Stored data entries
>>
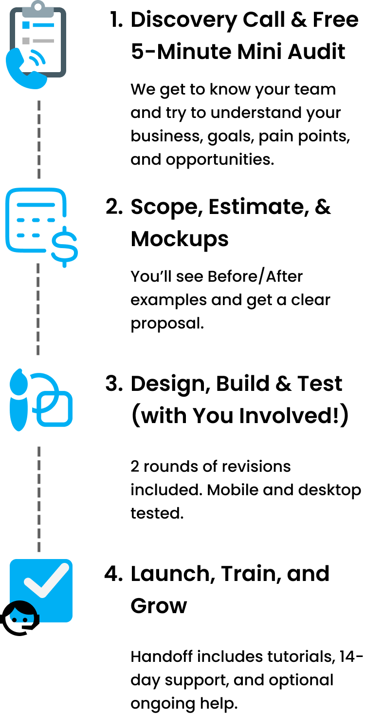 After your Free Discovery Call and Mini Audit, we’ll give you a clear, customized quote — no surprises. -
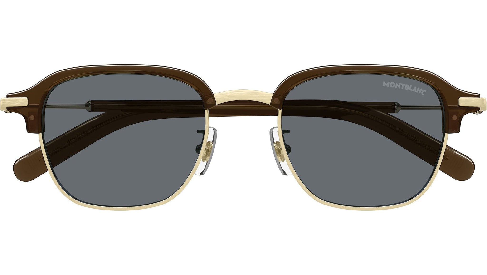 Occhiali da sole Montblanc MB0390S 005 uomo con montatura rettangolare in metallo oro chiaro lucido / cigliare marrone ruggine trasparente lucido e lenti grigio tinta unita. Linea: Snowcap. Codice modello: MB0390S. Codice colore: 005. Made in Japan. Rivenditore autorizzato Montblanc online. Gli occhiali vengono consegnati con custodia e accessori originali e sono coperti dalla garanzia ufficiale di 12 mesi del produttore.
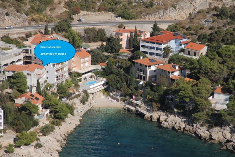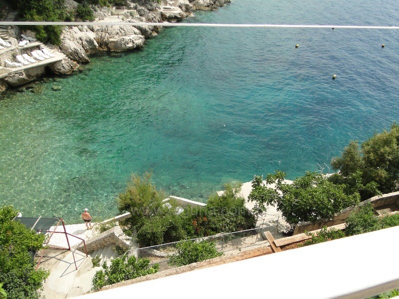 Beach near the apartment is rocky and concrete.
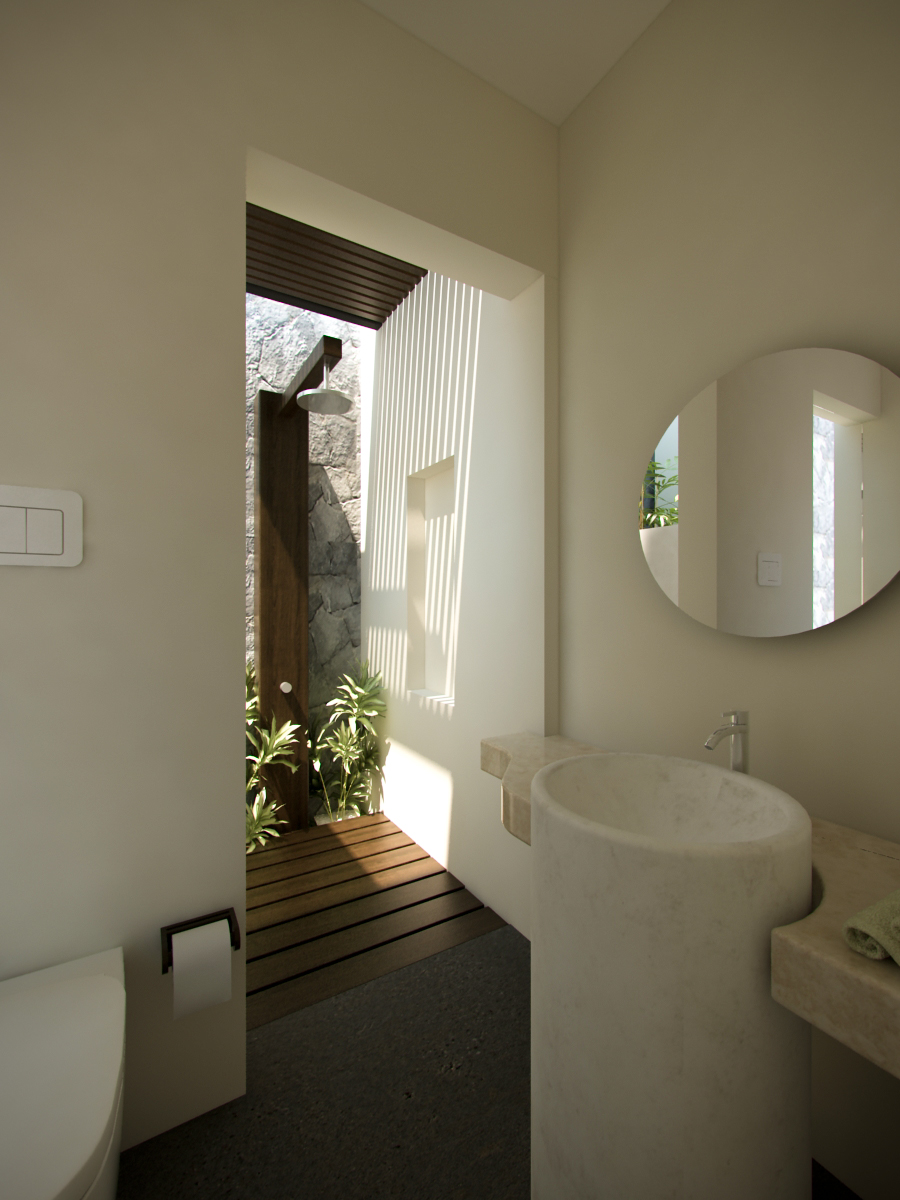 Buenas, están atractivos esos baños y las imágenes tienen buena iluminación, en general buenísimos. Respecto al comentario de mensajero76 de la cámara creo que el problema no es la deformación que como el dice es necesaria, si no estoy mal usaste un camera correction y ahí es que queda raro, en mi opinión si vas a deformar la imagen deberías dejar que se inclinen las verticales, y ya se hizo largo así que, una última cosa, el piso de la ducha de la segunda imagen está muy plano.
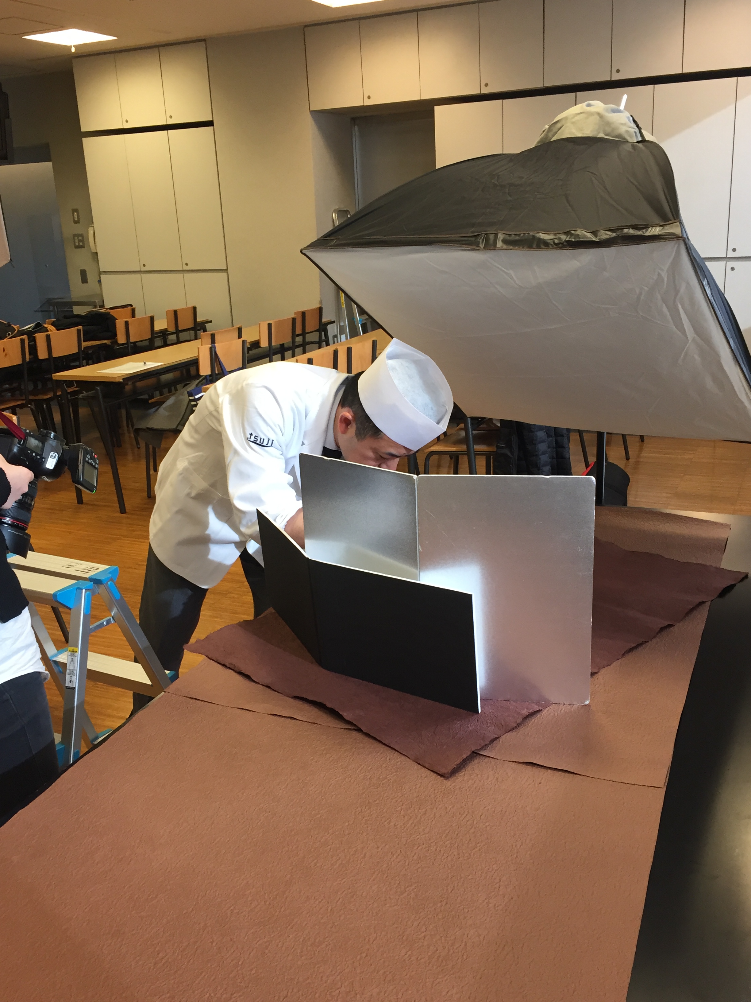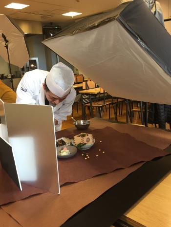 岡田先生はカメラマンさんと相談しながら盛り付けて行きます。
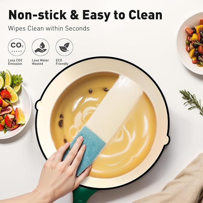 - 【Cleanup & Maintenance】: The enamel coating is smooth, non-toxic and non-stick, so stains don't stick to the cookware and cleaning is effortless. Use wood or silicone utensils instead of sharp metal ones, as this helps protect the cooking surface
<<
**ABOUT THIS TASK:** Full copy, no pictures: write out each line of the data exactly as it stands.

**RESULT FOR THIS TASK:**
 After your Free Discovery Call and Mini Audit, we’ll give you a clear, customized quote — no surprises. -
 Occhiali da sole Montblanc MB0390S 005 uomo con montatura rettangolare in metallo oro chiaro lucido / cigliare marrone ruggine trasparente lucido e lenti grigio tinta unita. Linea: Snowcap. Codice modello: MB0390S. Codice colore: 005. Made in Japan. Rivenditore autorizzato Montblanc online. Gli occhiali vengono consegnati con custodia e accessori originali e sono coperti dalla garanzia ufficiale di 12 mesi del produttore.
 Beach near the apartment is rocky and concrete.
 Buenas, están atractivos esos baños y las imágenes tienen buena iluminación, en general buenísimos. Respecto al comentario de mensajero76 de la cámara creo que el problema no es la deformación que como el dice es necesaria, si no estoy mal usaste un camera correction y ahí es que queda raro, en mi opinión si vas a deformar la imagen deberías dejar que se inclinen las verticales, y ya se hizo largo así que, una última cosa, el piso de la ducha de la segunda imagen está muy plano.
 岡田先生はカメラマンさんと相談しながら盛り付けて行きます。
 - 【Cleanup & Maintenance】: The enamel coating is smooth, non-toxic and non-stick, so stains don't stick to the cookware and cleaning is effortless. Use wood or silicone utensils instead of sharp metal ones, as this helps protect the cooking surface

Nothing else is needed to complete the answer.